The only picture they had of her grandparents. Her twelve-year-old self and eight-year-old Karen outside the shul their families had gone to in the city when they were kids. And her, ten years old, finally being allowed to light that same menorah. Out of the shot, she knew her mom was hovering, a cup of water hidden out of sight just in case.
Everything that made up who she’d been before was shut away in this box. And Lonnie had wanted her to throw all of it away.
Grimly determined, Joyce grabbed the menorah and stood. She marched out of the attic, clutching it in her hand like it was a shield as she descended the stairs. Years’ worth of bitterness and resentment boiled inside her as she pulled back the curtains in the living room and set the menorah on the windowsill.

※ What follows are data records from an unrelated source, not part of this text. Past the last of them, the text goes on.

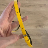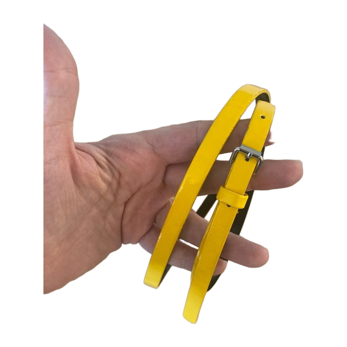 Keltainen ohut tekonahkavyö. Koko M, sopii noin 75-80cm vyötärölle.
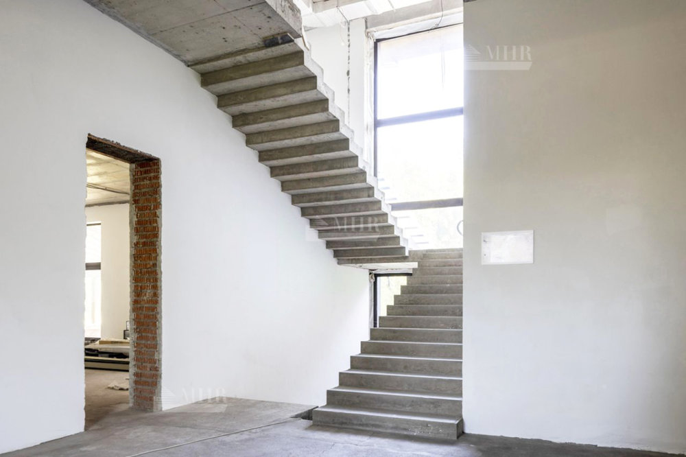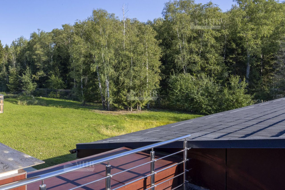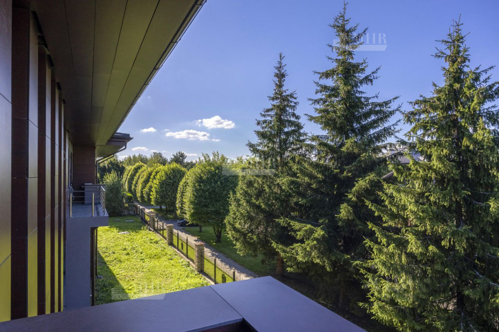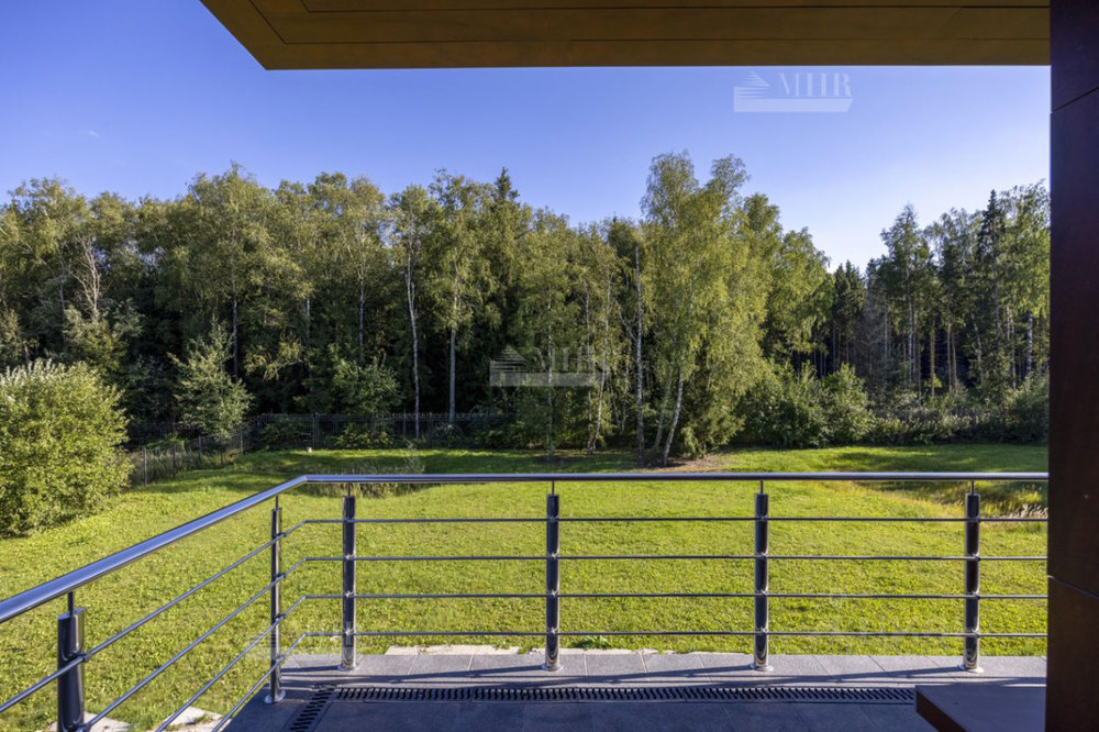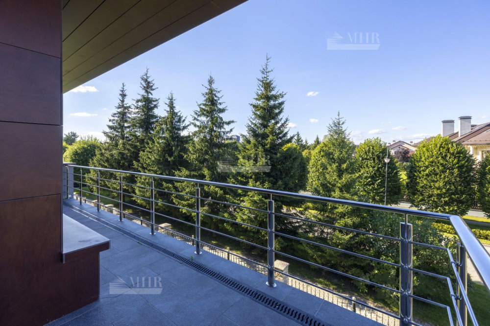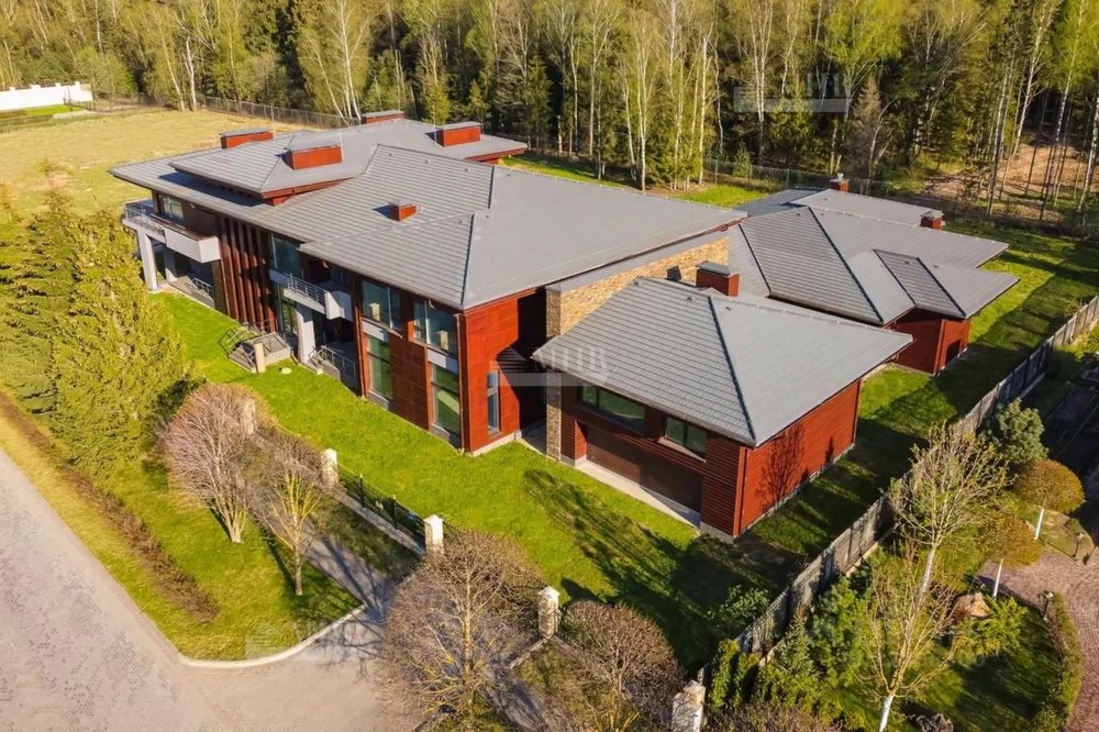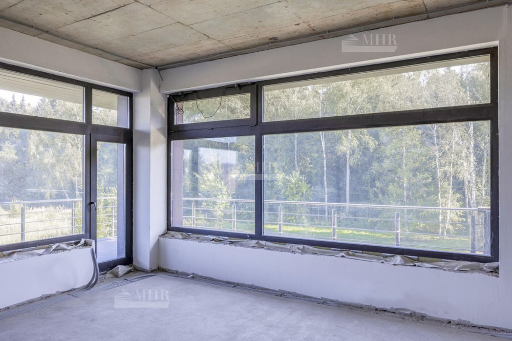 Просторный особняк в поселке Гринфилд выполнен в современном стиле. Фасад облицован шпонированными панелями с долгосрочной защитой от негативного воздействия окружающей среды; часть дома облицована итальянскими панелями из натурального камня. Дом остеклен противовандальными окнами с защитой от проникновения.
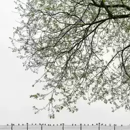 Under the gray sky, the branches are dotted with new green, a row of birds quietly perch in the water fence, the tranquil picture shows the rhythm of spring.
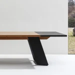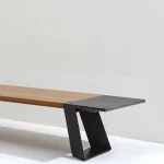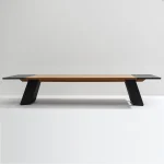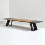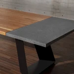 Overall, the design of this dining table harmoniously brings together wood, lava stone, and steel to create a visually striking and versatile piece that seamlessly blends natural elements with contemporary aesthetics contrast.
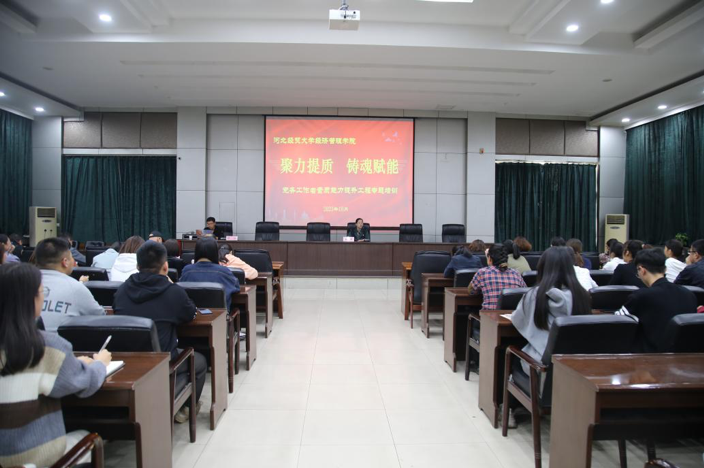 为深入贯彻《中国共产党普通高等学校基层组织工作条例》,对标新时代高校党建“双创”工作要求,全面提升学院基层党建工作水平,Beat365官网针对基层党务工作者,实施“聚力提质 铸魂赋能”党务工作者素质能力提升工程。10月19日下午,学院专门邀请河北经贸大学党委组织部组织科科长张强,在图书馆报告厅作首场专题辅导,详细梳理党员发展的工作流程。院党委书记蔡杨、副院长王鸿喜出席,各系书记、副书记,教工支部、学生支部书记、委员及党员骨干50余人参加了培训。

She rushed to the kitchen, digging through a drawer in a frenzy until she found the candles left over from Will’s eleventh birthday. She grabbed four of them and the box of matches and stormed back to the living room again.
The candles were a cheap store brand, wider than most. Just big enough to fit in the menorah without tipping over and burning the place down. She lit all four of them with her lighter, feeling like pressure was releasing from her chest when she saw those four lights glimmering in front of the window.
She hadn’t done it right. Hadn’t used the shamash, hadn’t said the prayers, and she was pretty sure it wasn’t even the third night. But right now, she didn’t care. It wasn’t like anyone in Hawkins other than Karen Wheeler would know the difference. Joyce could focus on doing it right tomorrow. For tonight, all she wanted was to be Jewish again, somewhere the rest of the world could see.